* DIRECTIONS *
Beginning with the line containing "Brand new, never-worn" and ending at the last line of the data, set down every line exactly, leaving out all pictures.

* COLLECTED DATA *
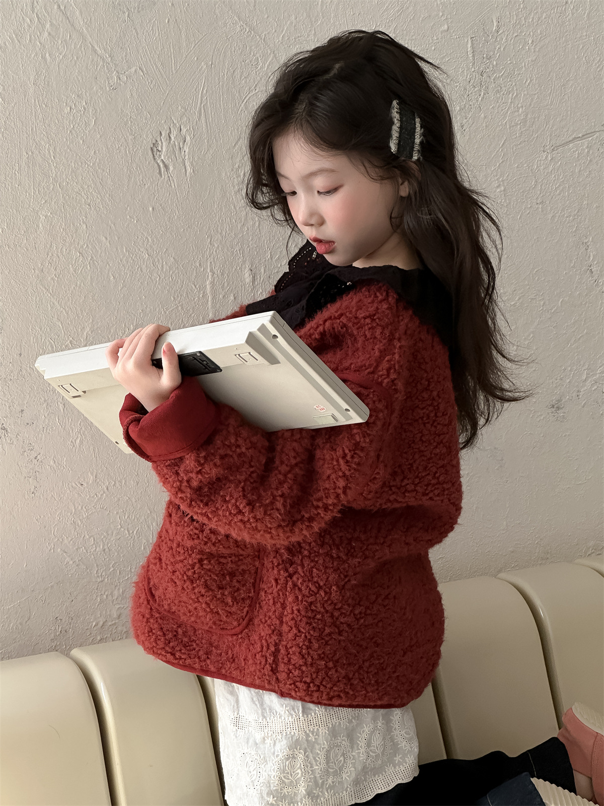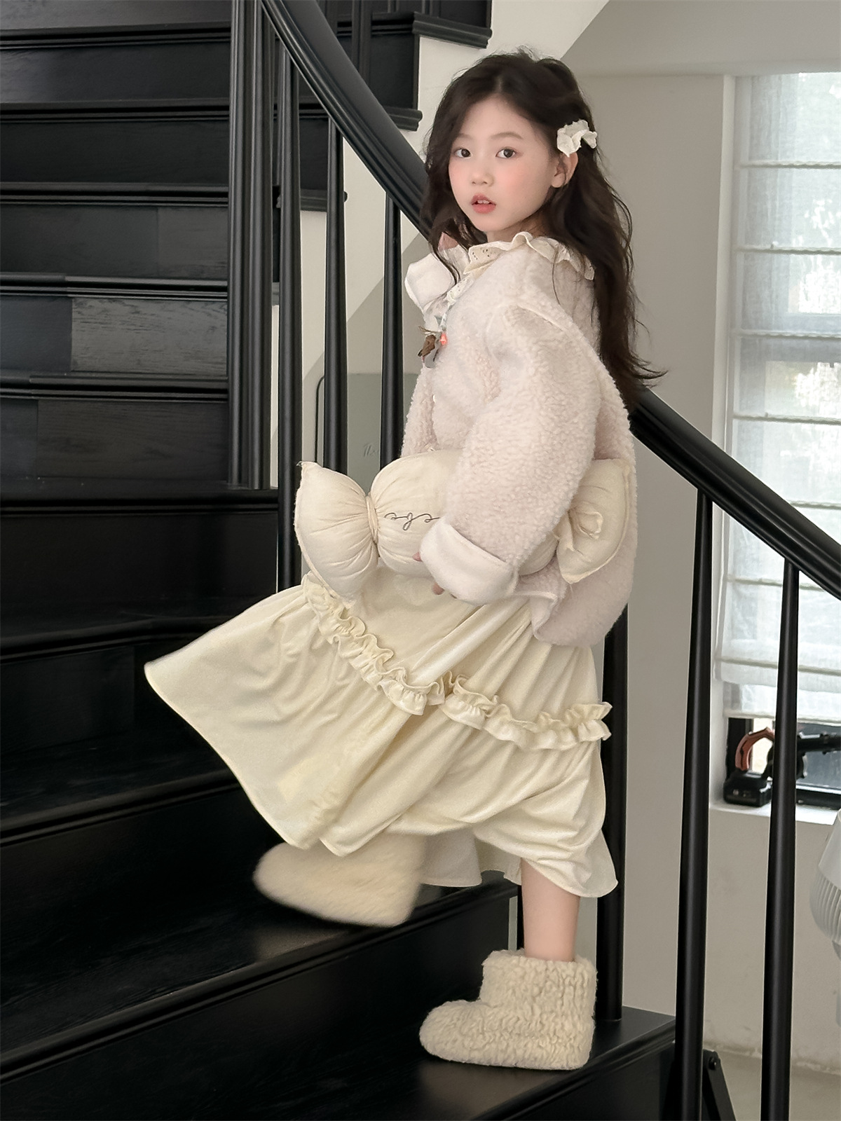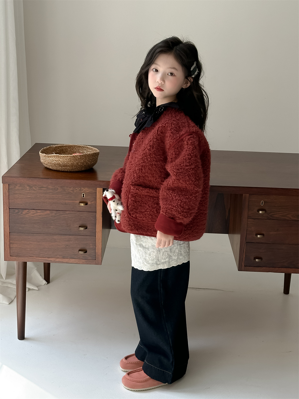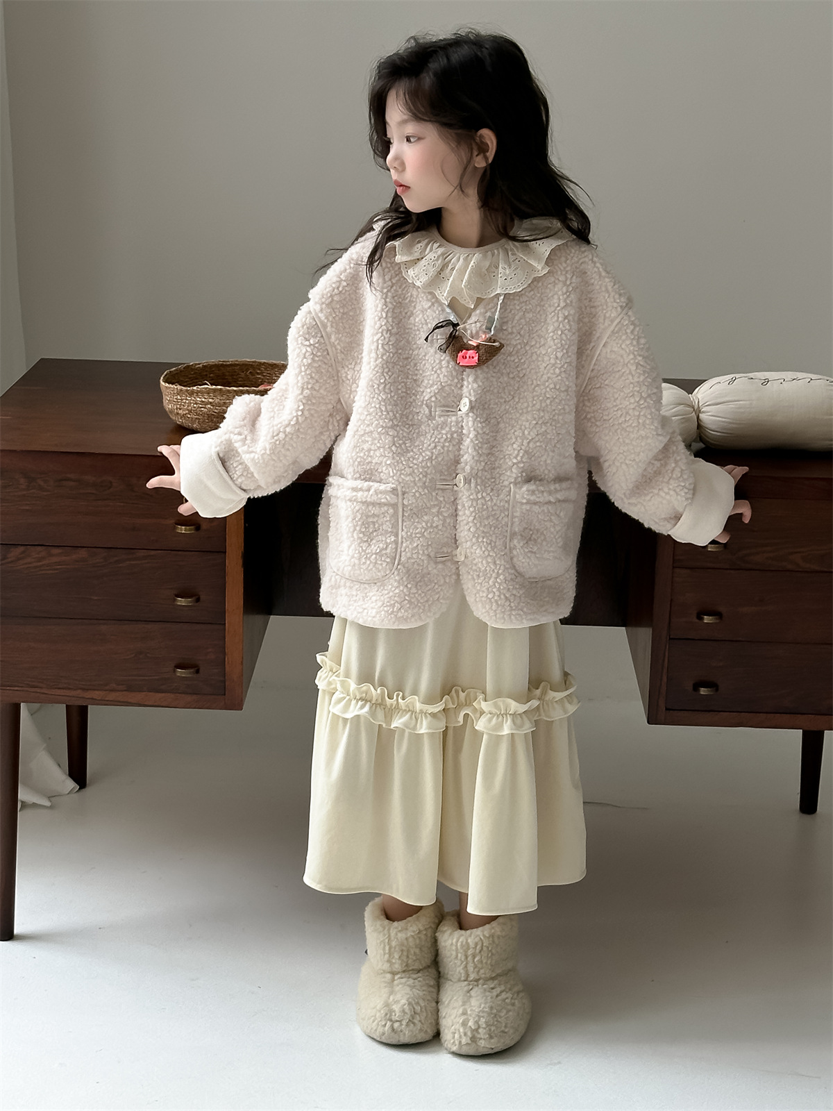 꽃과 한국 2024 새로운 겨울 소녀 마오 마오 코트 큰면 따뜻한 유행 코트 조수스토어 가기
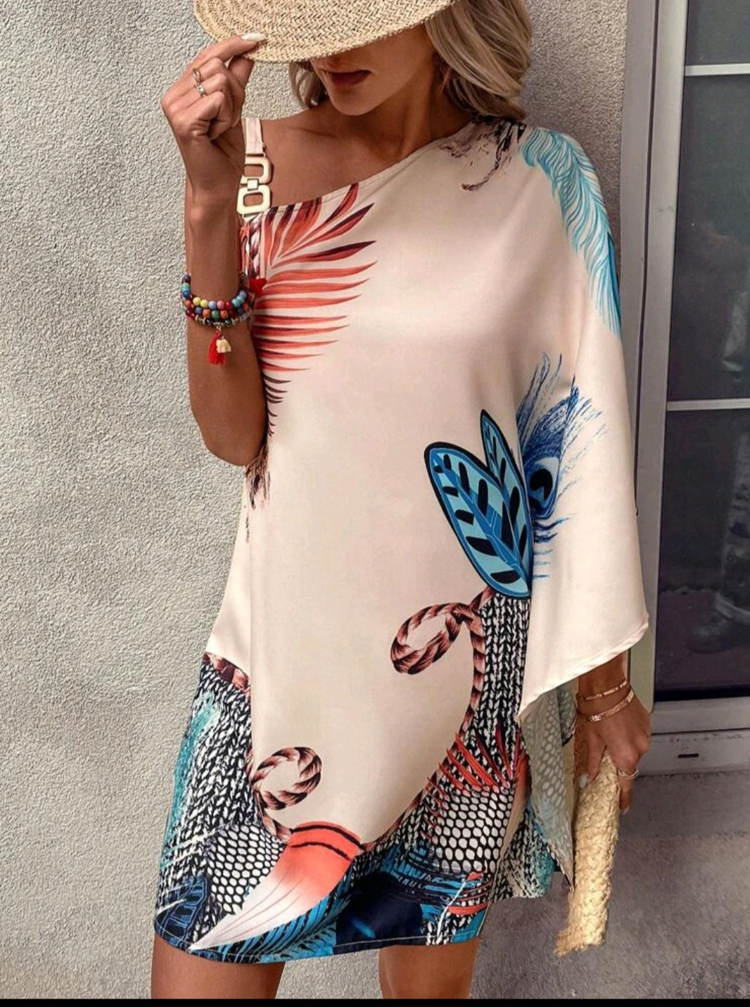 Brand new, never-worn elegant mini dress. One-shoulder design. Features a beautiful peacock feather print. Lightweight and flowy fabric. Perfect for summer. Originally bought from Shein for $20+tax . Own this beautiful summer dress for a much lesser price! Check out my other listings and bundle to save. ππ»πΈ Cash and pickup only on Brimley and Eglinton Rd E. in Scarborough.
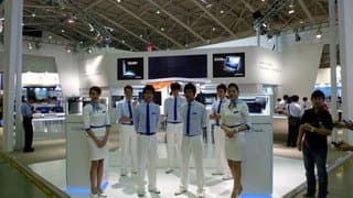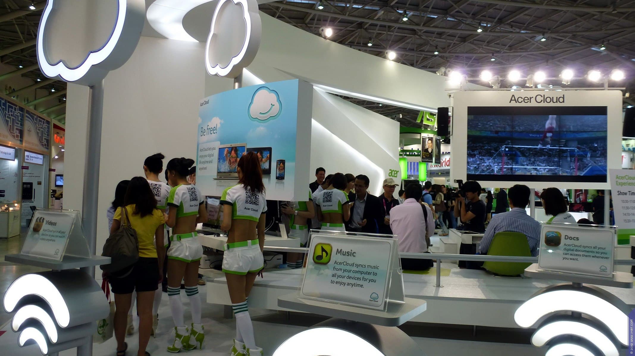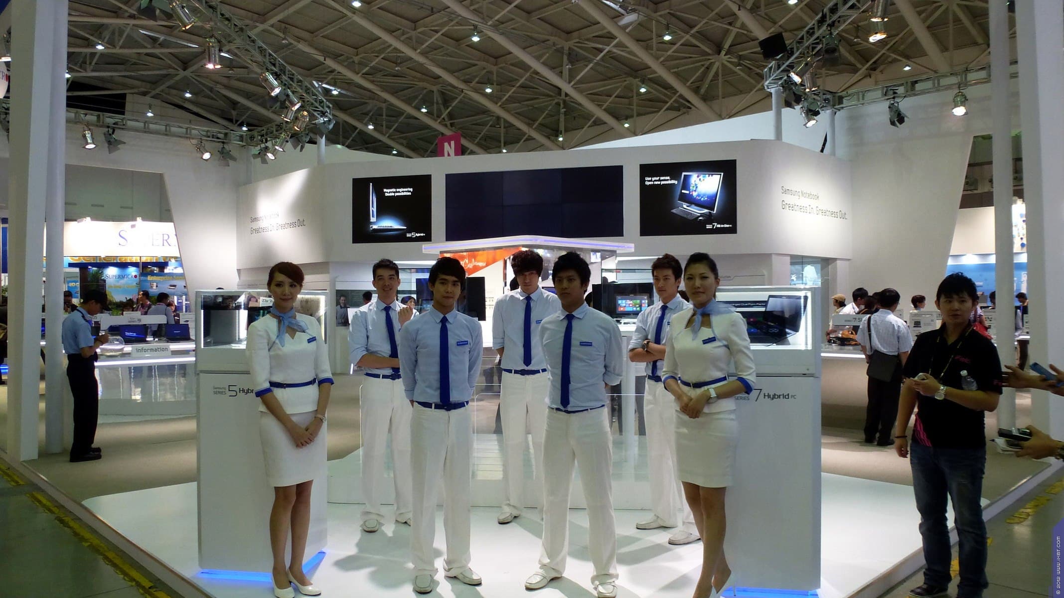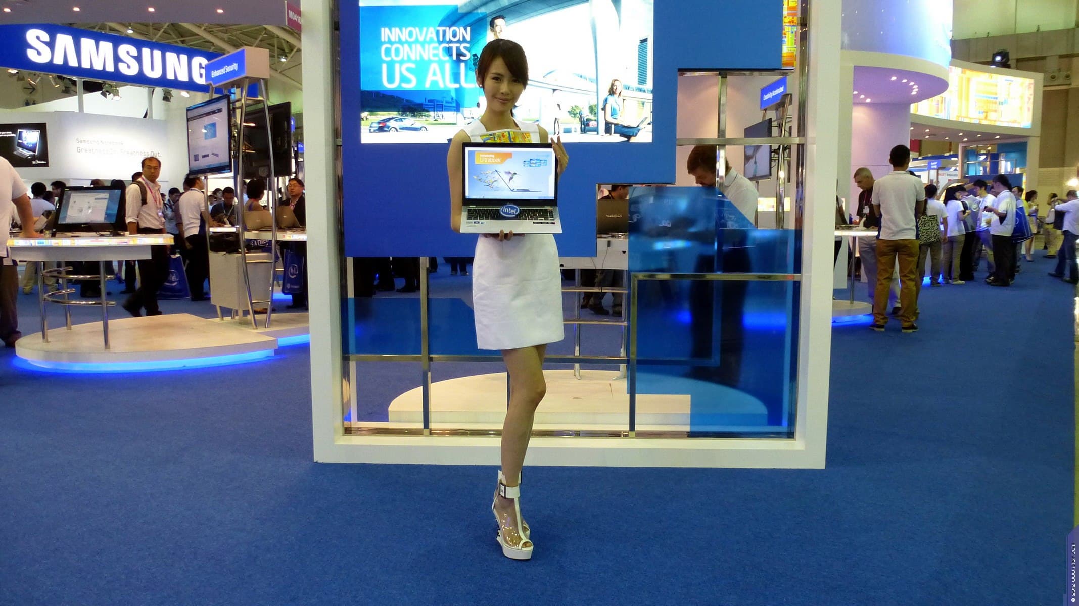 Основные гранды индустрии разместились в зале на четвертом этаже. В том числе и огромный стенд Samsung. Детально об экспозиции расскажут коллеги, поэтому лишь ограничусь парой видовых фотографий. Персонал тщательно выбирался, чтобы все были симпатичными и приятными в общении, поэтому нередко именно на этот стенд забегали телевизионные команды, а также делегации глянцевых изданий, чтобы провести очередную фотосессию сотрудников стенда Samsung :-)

* RESULT OF THIS TASK *
 Brand new, never-worn elegant mini dress. One-shoulder design. Features a beautiful peacock feather print. Lightweight and flowy fabric. Perfect for summer. Originally bought from Shein for $20+tax . Own this beautiful summer dress for a much lesser price! Check out my other listings and bundle to save. ππ»πΈ Cash and pickup only on Brimley and Eglinton Rd E. in Scarborough.
 Основные гранды индустрии разместились в зале на четвертом этаже. В том числе и огромный стенд Samsung. Детально об экспозиции расскажут коллеги, поэтому лишь ограничусь парой видовых фотографий. Персонал тщательно выбирался, чтобы все были симпатичными и приятными в общении, поэтому нередко именно на этот стенд забегали телевизионные команды, а также делегации глянцевых изданий, чтобы провести очередную фотосессию сотрудников стенда Samsung :-)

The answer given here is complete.